Russian national faces 25 years in prison for 50+ cyberattacks

Ianis Antropenko, currently living in California, has admitted to committing ransomware attacks against at least 50 victims.

What happened

Ianis Aleksandrovich Antropenko recently pleaded guilty to leading a ransomware group that attacked at least 50 organizations on January 6th, 2025. The criminal was charged with conspiracy to commit money laundering and conspiracy to commit computer fraud and abuse in the U.S. District Court for the North District of Texas. The crimes could land him up to 25 years in jail and up to $750,000 in fines. He will also be required to pay restitution to victims and forfeit property.

Going deeper

The plea closes a multi-year long investigation. Antropenko, a Russian national, began participating in ransomware attacks in 2018, prior to his move to the US. Numerous attacks were committed in Florida and California. Prior to plea, Antropenko was out on bail in California, a rare occurrence since most cybercriminals are deemed a flight risk.

FBI traced the attacks to Antropenko via his accounts at Proton Mail, PayPal, and Bank of America. Antropenko is believed to have at least one co-conspirator, his ex-wife Valeriia Bednarchik, but so far, no charges have been brought against her.

The backstory

Antropenko initially pleaded not guilty to the charges in October of 2025. In August of 2025, the Justice Department announced they had seized over $2.8 million in assets, largely in cryptocurrency, but also including cash and a luxury vehicle.

Antropenko used various ransomware tools to target organizations worldwide and frequently in the US. After encrypting and exfiltrating data, Antropenko would demand a ransom payment from his victims in order for the data to be deleted or not published.

The big pictures

In recent months, we’ve seen an influx in cybercriminals being prosecuted.
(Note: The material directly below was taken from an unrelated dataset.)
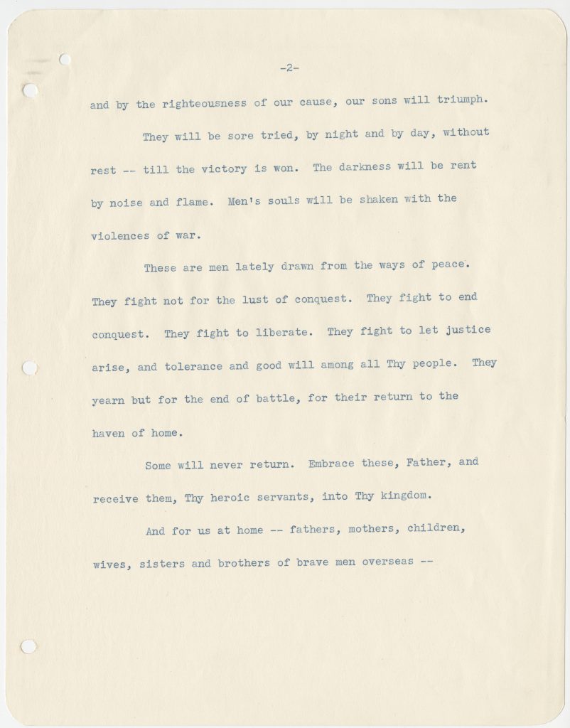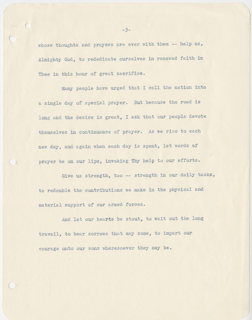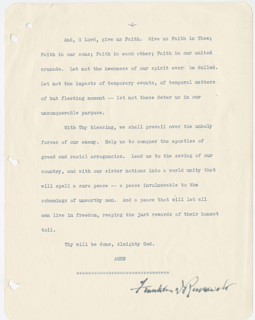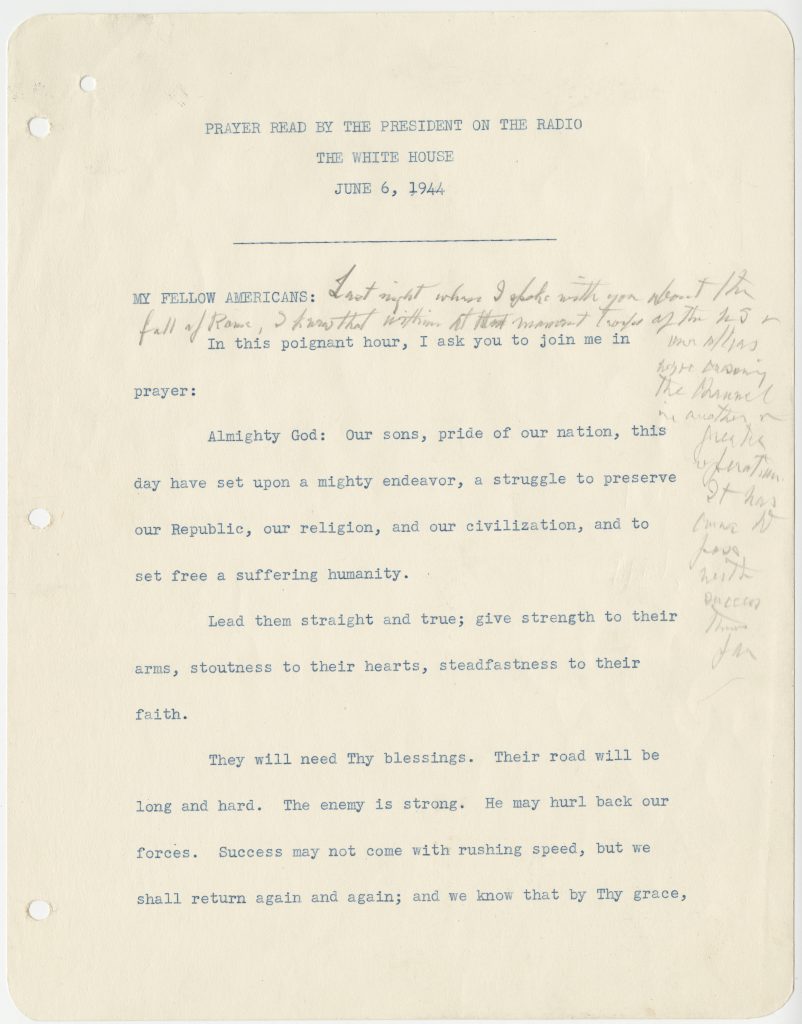 FDR’s address took the form of a prayer. He had composed it during the weekend before the invasion, with assistance from his daughter, Anna, and her husband, John Boettiger. The text was released in advance so Americans could recite it with him. Roosevelt’s “D-Day Prayer” struck a powerful chord with the nation. Printed copies were distributed and displayed widely throughout the remainder of the war.

Approximately a week ago, Nicholas Moore pleaded guilty to hacking into the US Supreme Court and the Veterans Affairs system. These incidents show that cybercriminals are in the limelight, often for attacking high-value institutions (like the Supreme Court) or for the sheer volume of victims. These criminals, while particularly infamous, are only a few people in the larger networks of cybercriminals. Yet through their court cases, organizations can better understand the strategies and tools they used. Antropenko, for instance, used Zeppelin and GlobeImposter ransomware products to infiltrate organizations.

FAQs

Are cyber criminals difficult to prosecute?
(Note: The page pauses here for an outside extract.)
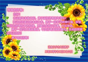師尊您好!我們學法小組全體大法弟子恭祝您新年快樂!師尊辛苦了!

Yes, it can be challenging to prosecute cybercriminals because evidence can often be difficult to find or verify. Outside of this, cybercriminals can be challenging to identify, as they often operate on the dark web, shielding their identity. Ultimately, prosecution is critical to end attacks and identify networks and co-conspirators.

How was Proton Mail involved in the incident?

It’s unclear how Proton Mail was used, but it’s likely that Antropenko used it to securely communicate with co-conspirators. Proton Mail, like most email services, must comply with legal authorities to the best of their ability.